How can new understandings about cancer cell interactions help doctors better control, and eventually cure, cancer?
Cancer is a formidable enemy. In fact, people born in America since 1960 face a one in two chance of being diagnosed with cancer in their lifetimes. However, there's growing evidence that fewer cancers will be death sentences for patients. New approaches and understandings are transforming the medical world, increasing success rates for remissions, disease management, and cures. Dr. Ashani Weeraratna is at the forefront of this new level of care.

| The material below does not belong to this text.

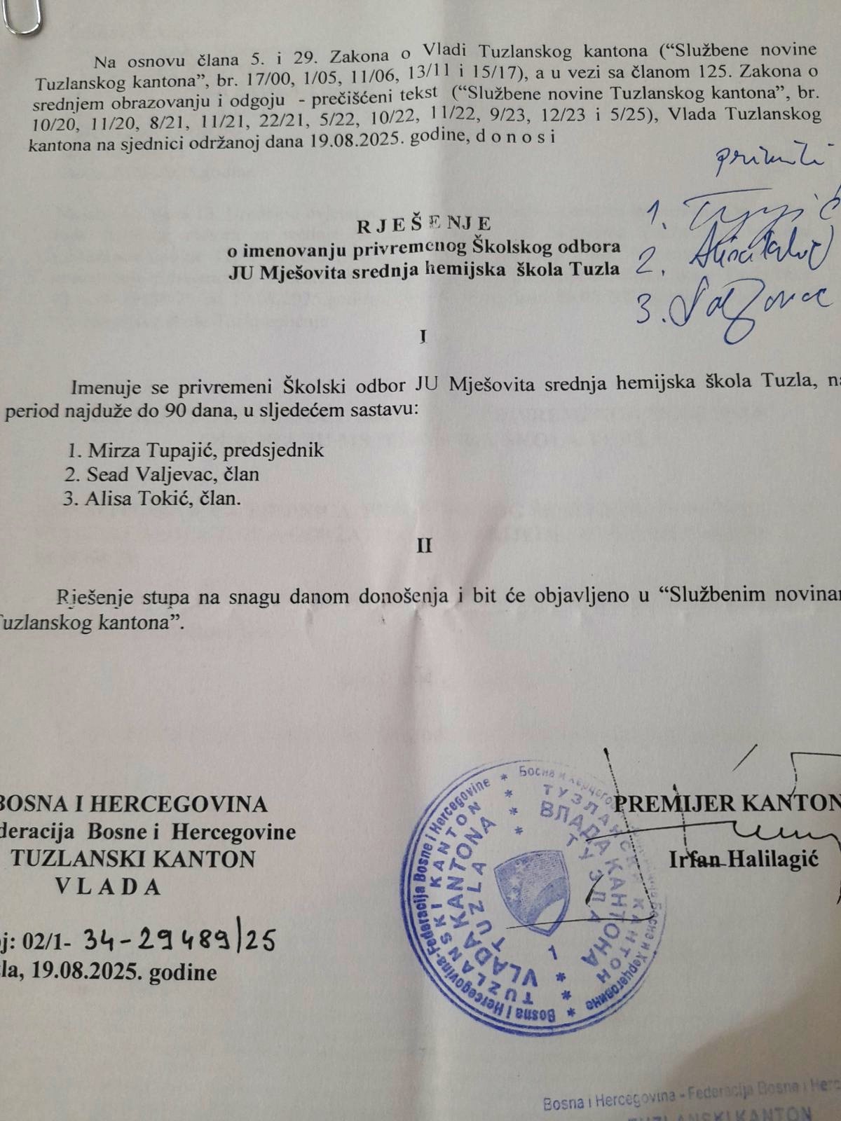 Školski odbor JU Mješovite srednje hemijske škole Tuzla obavlja poslove utvrđene Zakonom o srednjem obrazovanju i Pravilima škole a način rada Školskog odbora bliže je određen Poslovnikom o radu Školskog odbora JU Mješovite srednje hemijske škole. Pored toga što odlučuje o veoma važnim pitanjima za rad ustanove, Školski odbor će ostvarivati funkciju upravljanja koji će u saradnji sa direktorom škole iznalaziti rješenja od ključnog značaja za rad škole.

In Is Cancer Inevitable?, Weeraratna--a pioneering melanoma researcher whose work explores the role aging plays in cancer cells' spread and drug resistance--gives readers an inside look at several of the latest cancer advances. Detailing the actions that are reducing the disease's impact and exploring what the future may hold, she explains how the molecular mechanisms involved in metastasis and the cells' microenvironments influence cancer's development and progression. Over the years, she writes, our understanding of how cancer cells move throughout the body, change as they plant themselves in the body's microenvironments, and even communicate with one another have led to major insights about how cancer works. With compelling detail, she takes us inside her lab, revealing how new insights are leading to major breakthroughs, even among patients with Stage IV cancer. She also explains how age-related changes in the microenvironment contribute to multiple aspects of melanoma formation and development. Such scholarship, she argues, is moving us toward a day when more patients will be declared cancer-free.
An inspiring and deeply personal book, Is Cancer Inevitable? offers readers newfound hope.
Features
- Explores key insights and studies developed in recent years that have greatly influenced the world of cancer research, including how aging microenvironments within our bodies encourage metastasis and therapy resistance
- Guides readers through Dr. Ashani Weeraratna's personal story of coming to the United States from Lesotho at the age of 17 and rising to become one of the pioneers in her field
- Brings readers inside Weeraratna's lab, describing both the processes and the missions of her work
- Raises awareness about how cancer works within the body and what any patient or family encountering the disease needs to understand--while also offering them hope based on new and forthcoming diagnostic and treatment methods
- Outlines why we will never control--let alone cure--cancer if we don't find a common purpose and come together in collaboration, inviting the greatest minds from around the world to participate in finding and implementing solutions
Johns Hopkins Wavelengths
In classrooms, field stations, and laboratories in Baltimore and around the world, the Bloomberg Distinguished Professors of Johns Hopkins University are opening the boundaries of our understanding of many of the world's most complex challenges. The Johns Hopkins Wavelengths book series brings readers inside their stories, illustrating how their pioneering discoveries benefit people in their neighborhoods and across the globe in artificial intelligence, cancer research, food systems' environmental impacts, health equity, science diplomacy, and other critical arenas of study. Through these compelling narratives, their insights will spark conversations from dorm rooms to dining rooms to boardrooms.
About the Author: Ashani T. Weeraratna is a Bloomberg Distinguished Professor of Cancer Biology and the chair of the Department of Biochemistry and Molecular Biology at the Johns Hopkins Bloomberg School of Public Health. A groundbreaking researcher focused on the connections between aging and cancer, Weeraratna is also the co-program leader of the Cancer Invasion and Metastasis Program at the Sidney Kimmel Comprehensive Cancer Center, Johns Hopkins School of Medicine, and the president of the Society for Melanoma Research. A writer in residence at Johns Hopkins University, Tim Wendel is the author of 15 books, including Summer of '68: The Season That Changed Baseball--and America--Forever, Castro's Curveball, and Cancer Crossings: A Brother, His Doctors, and the Quest for a Cure to Childhood Leukemia. His work has appeared in the New York Times, the Washington Post, National Geographic, and elsewhere.